### Dataset extract
=== Section Start ===
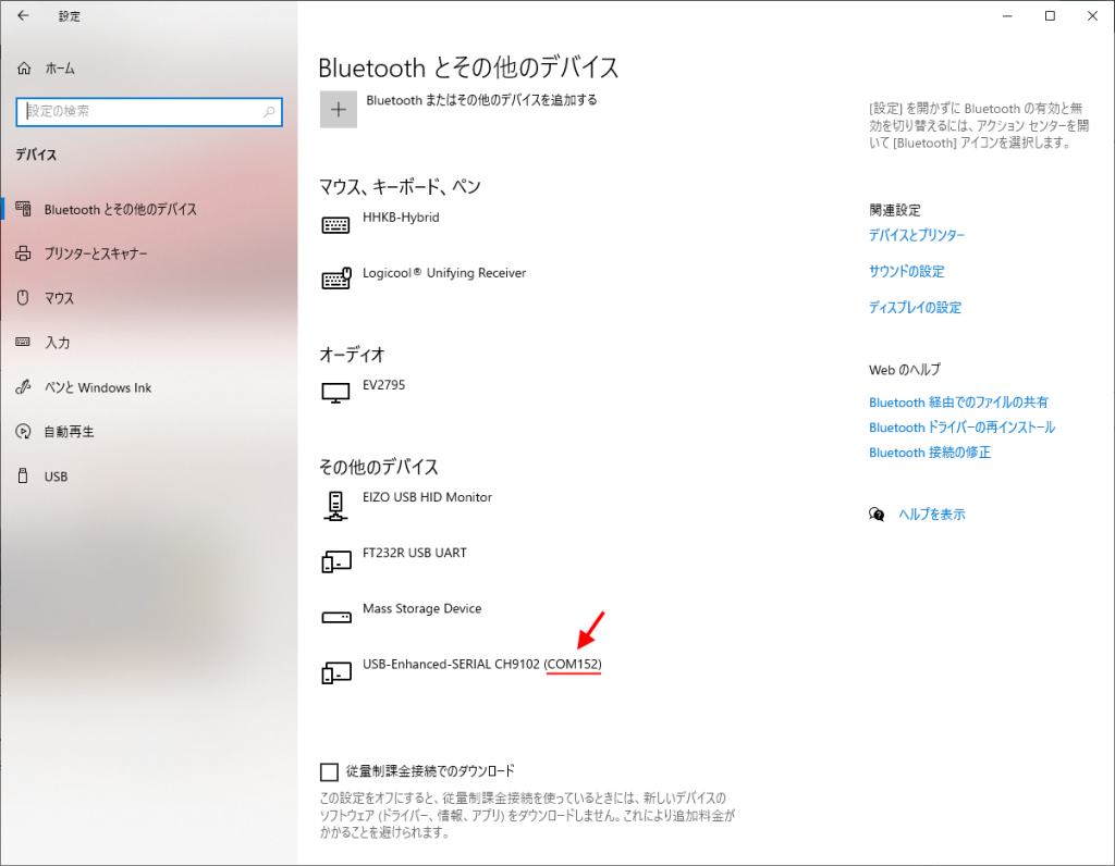 M5 StampにWebで公開されているファームウェアをダウンロードして書かないといけませんが、Windows10やWindows11を使っている場合は、設定を見るのが早いです。
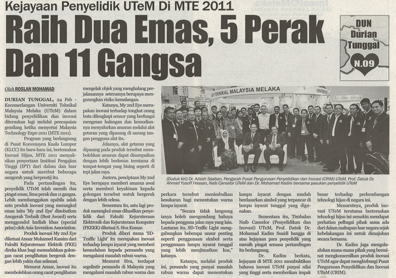 Kejayaan Penyelidik UTeM di MTE 2011 Raih Dua Emas, 5 Perak dan 11 Gangsa
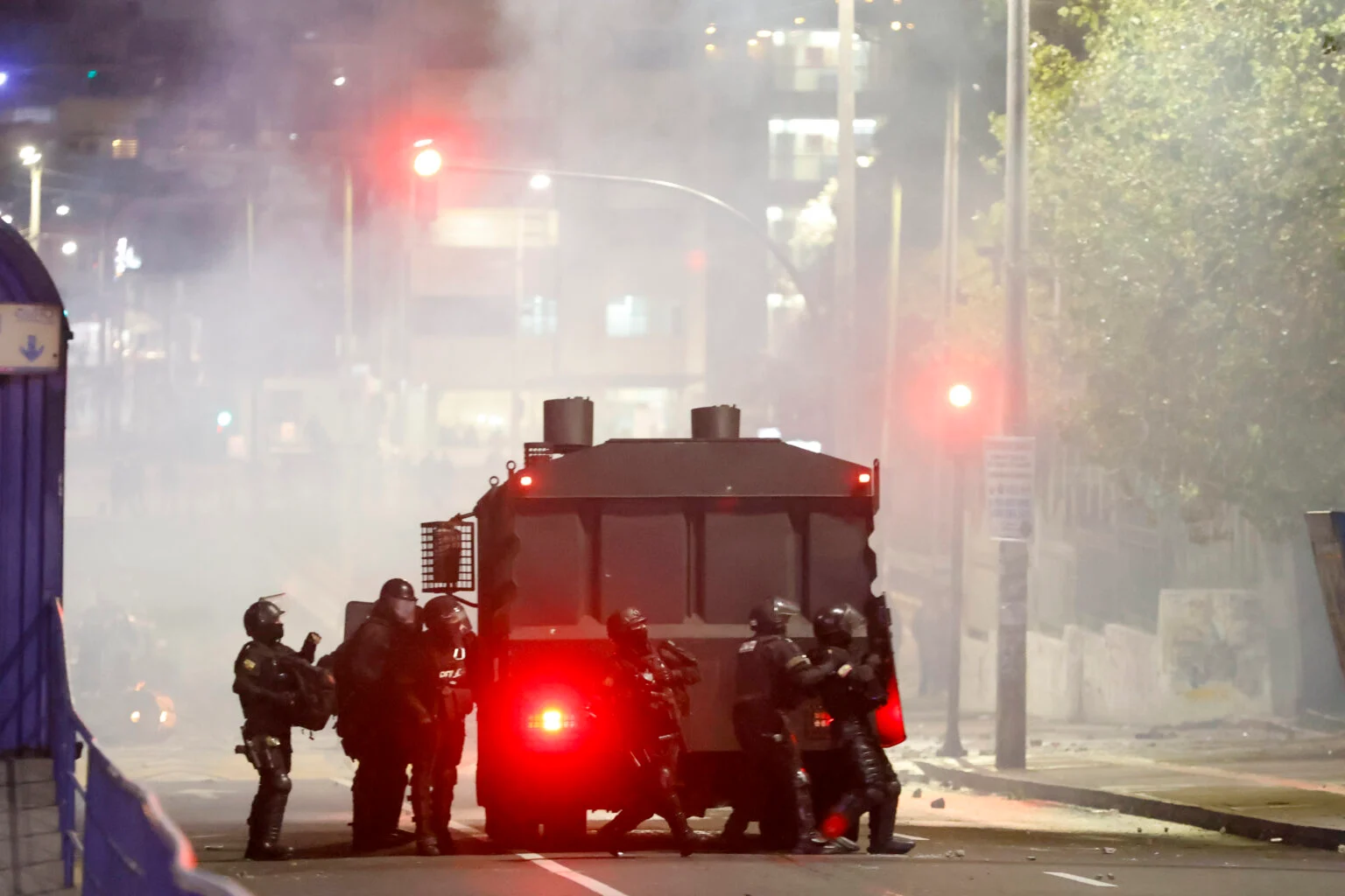 15 octubre, 2025 (Xinhua): Policías reprimen a estudiantes durante una protesta en el marco del paro nacional, en Quito.
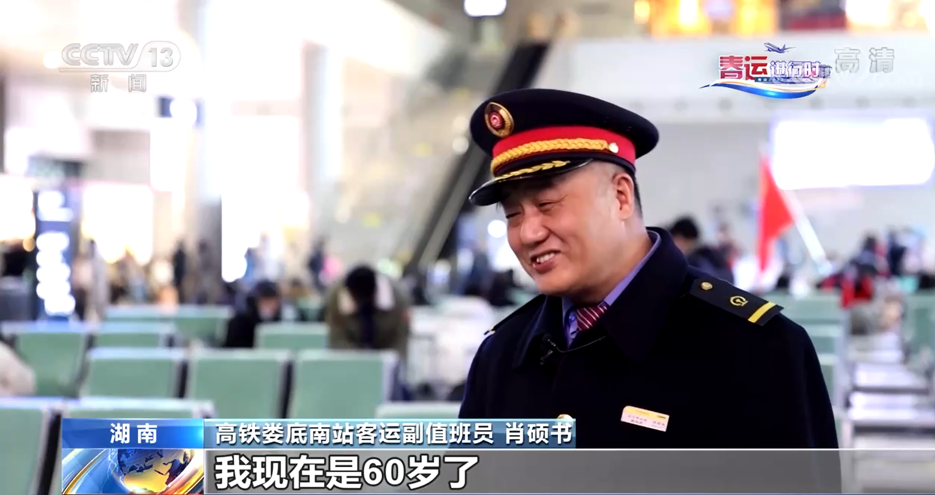 高铁娄底南站客运副值班员 肖硕书:我现在是60岁了 但是我感觉再干几年没问题。
=== Section End ===
### Exercise objective
Lines from the one holding "Kejayaan Penyelidik UTeM" to the end of the data, both ends included, are to be given again exactly; no pictures belong in the copy.

### Task answer
 Kejayaan Penyelidik UTeM di MTE 2011 Raih Dua Emas, 5 Perak dan 11 Gangsa
 15 octubre, 2025 (Xinhua): Policías reprimen a estudiantes durante una protesta en el marco del paro nacional, en Quito.
 高铁娄底南站客运副值班员 肖硕书:我现在是60岁了 但是我感觉再干几年没问题。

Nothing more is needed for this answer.